■ Prompt
Your answer should be only the lines below from the one with "Gemvie Premium Straw" to the one with "Carte-de-Visite format image", repeated exactly, ends included.

■ The input
------------------------------
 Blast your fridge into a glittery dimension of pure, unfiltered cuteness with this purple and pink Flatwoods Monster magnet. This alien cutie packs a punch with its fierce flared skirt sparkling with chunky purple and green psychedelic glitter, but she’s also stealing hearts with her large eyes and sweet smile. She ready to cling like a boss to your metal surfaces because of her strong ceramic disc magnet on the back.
------------------------------
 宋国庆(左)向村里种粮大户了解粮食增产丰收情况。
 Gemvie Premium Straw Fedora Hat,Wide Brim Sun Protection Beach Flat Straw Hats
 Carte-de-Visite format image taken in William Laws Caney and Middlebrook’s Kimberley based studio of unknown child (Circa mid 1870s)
------------------------------
■ Result of this task
 Gemvie Premium Straw Fedora Hat,Wide Brim Sun Protection Beach Flat Straw Hats
 Carte-de-Visite format image taken in William Laws Caney and Middlebrook’s Kimberley based studio of unknown child (Circa mid 1870s)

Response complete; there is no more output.